Matrix multiplication is associative and distributive but, crucially, not commutative: rotating then stretching is not the same as stretching then rotating. The transpose \(A^\top\) flips rows and columns and obeys \((AB)^\top = B^\top A^\top\). The identity \(I\) leaves vectors untouched, and an inverse \(A^{-1}\) (when it exists — only for square, full-rank \(A\)) undoes the map. Most matrices in machine learning are not invertible, which is the whole reason §6.5 exists.
Half of all numerical bugs are shape bugs. For \(AB\) to be defined, \(A\) must be \(m\times k\) and \(B\) must be \(k\times n\) — the inner \(k\) must match, and the result is \(m\times n\). When a model crashes at 3 a.m., the first thing a practitioner prints is .shape.
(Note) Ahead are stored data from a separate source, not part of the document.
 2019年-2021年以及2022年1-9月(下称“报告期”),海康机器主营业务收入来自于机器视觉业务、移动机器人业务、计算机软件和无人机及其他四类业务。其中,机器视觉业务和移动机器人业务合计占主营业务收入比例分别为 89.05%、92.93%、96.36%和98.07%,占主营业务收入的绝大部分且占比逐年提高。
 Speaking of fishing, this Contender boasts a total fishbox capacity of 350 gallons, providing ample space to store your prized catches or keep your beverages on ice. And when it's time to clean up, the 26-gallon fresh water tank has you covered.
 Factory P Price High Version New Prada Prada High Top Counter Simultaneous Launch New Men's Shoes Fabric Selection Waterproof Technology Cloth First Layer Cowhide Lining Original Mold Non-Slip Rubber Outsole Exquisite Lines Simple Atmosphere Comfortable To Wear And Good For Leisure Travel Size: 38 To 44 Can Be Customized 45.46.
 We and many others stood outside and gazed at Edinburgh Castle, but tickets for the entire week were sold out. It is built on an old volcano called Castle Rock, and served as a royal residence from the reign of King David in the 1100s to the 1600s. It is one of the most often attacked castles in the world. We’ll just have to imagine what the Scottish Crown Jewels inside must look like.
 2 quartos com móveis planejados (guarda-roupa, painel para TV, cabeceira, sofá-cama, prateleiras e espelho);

Reading every product right-to-left as "a map applied to the output of another map" makes the dimensions self-checking.
Norms, dot products & projections
To do geometry you need length and angle. The dot product supplies both: it is the engine behind similarity scores, attention logits, least-squares, and the kernel trick. The L2 (Euclidean) norm is a vector's length; the dot product of two unit vectors is the cosine of the angle between them.
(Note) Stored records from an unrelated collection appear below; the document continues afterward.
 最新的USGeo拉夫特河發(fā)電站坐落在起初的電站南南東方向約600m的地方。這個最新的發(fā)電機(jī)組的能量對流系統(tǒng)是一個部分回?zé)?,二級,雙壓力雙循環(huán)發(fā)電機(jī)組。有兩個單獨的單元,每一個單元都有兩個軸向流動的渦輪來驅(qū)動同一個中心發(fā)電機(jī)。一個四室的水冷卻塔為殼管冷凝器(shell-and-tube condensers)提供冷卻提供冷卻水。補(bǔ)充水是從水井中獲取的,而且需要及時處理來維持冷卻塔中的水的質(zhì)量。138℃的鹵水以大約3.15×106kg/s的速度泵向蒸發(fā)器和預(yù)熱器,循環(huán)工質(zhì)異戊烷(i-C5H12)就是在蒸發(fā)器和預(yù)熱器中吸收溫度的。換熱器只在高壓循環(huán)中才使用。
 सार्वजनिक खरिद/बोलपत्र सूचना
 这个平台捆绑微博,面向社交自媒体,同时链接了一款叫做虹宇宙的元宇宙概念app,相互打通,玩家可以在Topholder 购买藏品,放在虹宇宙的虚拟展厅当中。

The geometric companion to the dot product is the projection. To project \(\mathbf{x}\) onto the direction of \(\mathbf{a}\) is to find the point on the line through \(\mathbf{a}\) closest to \(\mathbf{x}\) — the "shadow" \(\mathbf{x}\) casts on that line. This single idea, generalized to projecting onto the column space of a matrix, is least-squares regression.
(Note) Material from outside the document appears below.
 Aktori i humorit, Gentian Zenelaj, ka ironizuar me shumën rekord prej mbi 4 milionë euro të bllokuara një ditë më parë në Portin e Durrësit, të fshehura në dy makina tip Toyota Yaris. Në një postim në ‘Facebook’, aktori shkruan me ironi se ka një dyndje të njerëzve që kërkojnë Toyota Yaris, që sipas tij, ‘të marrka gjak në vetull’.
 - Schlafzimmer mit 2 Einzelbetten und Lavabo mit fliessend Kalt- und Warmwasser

# Norms, dot products, cosine similarity, and projection (EQ S6.2-S6.3)
import numpy as np
u = np.array([3.0, 4.0])
v = np.array([4.0, -3.0])
x = np.array([2.0, 1.0])
print("||u||_2 (sqrt of sum of squares):", np.linalg.norm(u)) # -> 5.0
print("||u||_1 (sum of abs) :", np.linalg.norm(u, 1)) # -> 7.0
print("||u||_inf (max abs) :", np.linalg.norm(u, np.inf))
dot = u @ v
print("\nu . v :", dot, " -> orthogonal" if abs(dot) < 1e-9 else "")
print("cosine(u, v) :", (u @ v) / (np.linalg.norm(u) * np.linalg.norm(v)))
# project x onto the direction of u
coef = (u @ x) / (u @ u)
proj = coef * u
resid = x - proj
print("\nproj_u(x) :", proj.round(4))
print("residual :", resid.round(4))
print("residual . u :", round(float(resid @ u), 12), " <- exactly orthogonal")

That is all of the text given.